Was geschah da im Hintergrund mit den Betrieben?
Ich erinnere mich daran, dass im Sommer 1990 die Läden immer leerer wurden und dann, am Tag der Währungsreform, vom einen auf den anderen Tag keine Ostartikel mehr zu kaufen waren. Alles war plötzlich in Westverpackungen, von der Milchsorte bis zur Zahnpasta mussten wir alles neu durchdenken und uns für ein Produkt entscheiden
So jetzt von vorne. Leider hat sich ja noch niemand gemeldet und eigene Erfahrungen zu den Hintergründen in den Betrieben beisteuern können. Ich kann das leider auch nicht. Aber ich finde das Thema total spannend und habe noch ein bisschen gesucht.
Zum immer leerer Werden der Läden habe ich das hier gefunden: Eine Dynamik aus Hamsterei und das Warten auf "bessere" Produkte:
Zitat„Die Leute kauften alles auf, was man aufheben konnte und wofür ihnen die DM zu schade war“, erinnert sich Sybille Reider, die heute wie damals in der Nähe von Weißenfels in Sachsen-Anhalt lebt. Das gilt im verrückten Juni 1990 auch für Mehl, Salz, Öl und Kartoffeln. Aber nicht
nur die Hamsterer reißen Lücken ins Angebot. Reihenweise bestellen die Läden einfach nichts mehr bei DDR-Herstellern. Sie haben Angst, die Produkte nach der Währungsunion nicht mehr loszuwerden. Denn nicht nur das Geld aus dem Westen hat die bessere Qualität. Das irrationale
Verhalten der Kunden, die sich einerseits über Versorgungslücken beklagen, aber andererseits auch keine heimischen Waren mehr kaufen wollen, gibt dem Ganzen eine besondere Dynamik.
So entsteht eine paradoxe Situation. Viele Betriebe bleiben auf ihren Erzeugnissen sitzen, während es in den Geschäften nichts zu kaufen gibt. Derweil wächst der Druck auf die DDR-Regierung. Auf der einen Seite stehen die unterversorgten DDR-Bürger, auf der anderen die Betriebe und Bauern, denen das Wasser bis zum Hals steht, weil ihnen keiner etwas abnimmt.
Es wurden in der Tat viele Ost-Produkte im Sommer 1990 vernichtet. Eis zum Beispiel, Molkereiprodukte und Obst:
Zitat"Da bekam ich Montag früh einen Anruf aus einer Kaufhalle, dass wir unser Eis wieder abholen sollen." Margot Siedow fuhr hin und fragte den Verkaufsstellenleiter, warum er das Eis nicht mehr haben will. "Hat der wortwörtlich gesagt: 'Wir haben 40 Jahre Ihr Eis gegessen, jetzt nehmen wir das andere.'" [...]

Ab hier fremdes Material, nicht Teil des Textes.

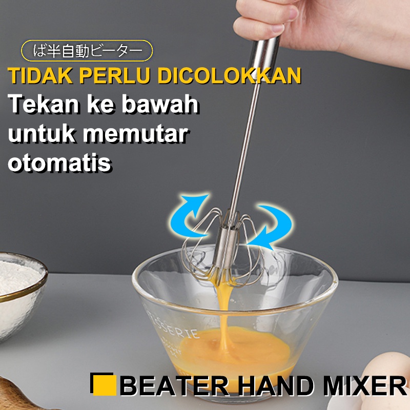 Alat pengocok revolusioner bahan stainless steel dapat berputar Alat masak modern Produk mixer yang revolusioner ini wajib dimiliki bagi Ibu-Ibu rumah tangga yang hobi memasak dan membuat kue. Home Better Beater produk terbaru ini tidak memerlukan tenaga listrik, pemakaiannya sangat gampang, hanya perlu di tekan kebawah, mixer akan otomatis berputar, tenaga yang diperlukan untuk memutar juga sangat minimal karena dengan teknologi per / pegas khusus di dalam Alat ini, meski dengan tenaga minimal, putaran tetap kencang, sehingga bisa digunakan untuk mengocok berbagai macam bahan masakan / membuat kue seperti : Dressings, Sauces, Whipped Cream, bahkan bisa juga untuk membuat Smoothies, Mengocok telur dan bahan-bahan lainnya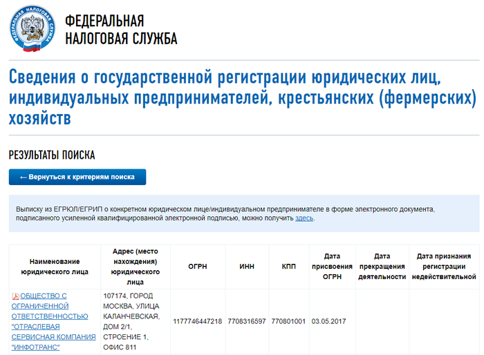 ОАО РЖД в прошлом году 01.09.2017г. делали перевод со своей организации всех РИВЦ (Региональных информационных вычислительных центров) добровольно-принудительно, а это примерно 1500 человек в организацию ООО «ОСК Инфотранс» ИНН 7708316597. Кто не хотел – сокращали. Как вы понимаете просто так всех сократить они не могли и не хотели т.к. это не выгодно, ведь нужно было бы выплачивать полгода з\п и еще выплатить за выслугу лет в РЖД. В ОАО РЖД начали придумывать всякие там байки про то как там будет хорошо в этой новоиспеченной организации ООО «ОСК Инфотранс». Единственный минус был перевода – это потеря всех «плюшек» ОАО РЖД со временем и потеря тех самых денег за выслугу лет, а ведь у кого-то это были не малые суммы по 100-200тыр. Ну да ладно, кто-то ушел по сокращению т.к. не хотели терять эти самые выплаты, а кого-то и уговорили перевестись с повышением мол «будешь у нас в начальниках». Перешло в ОСК «Инфотранс» больше половины — это точно, но это не суть этой статьи. Давайте посмотрим подробней об новоиспеченной организации ООО «ОСК Инфотранс» в которую так агитировали сотрудники ОАО «РЖД». Вся информация есть в свободном доступе на сайте https://egrul.nalog.ru, откуда собственно я и брал её.

Frau Siedow von der Leipziger Firma "Eis-Mayer" musste in der ersten Juli-Woche 1990 tatsächlich Hunderte Kartons Eis am Stiel aus den Kaufhallen zurückholen. "Wir haben dann alles auf eine Müllkippe gefahren. Dort wurden die Kartons abgeladen, ausgeschüttet und eingestampft." Einige Wochen später war die traditionsreiche Firma "Eis-Mayer" am Ende.
Und:
ZitatUnd so vernichteten Molkereien tonnenweise Butter, Milch und Joghurt, Bauern ließen das Obst an den Bäumen vergammeln, pflügten reifes Getreide unter und Schweinezüchter töteten ihre Ferkel: "Es ist
jammervoll, aber was sollen wir machen?", fragte ein verzweifelter Bauer in der Nachrichtensendung "Aktuelle Kamera".
http://www.mdr.de/damals/archiv/artikel97784.html
Da gibt es auch ein Geschichts-Special dazu, habe ich jetzt aber nicht angesehen.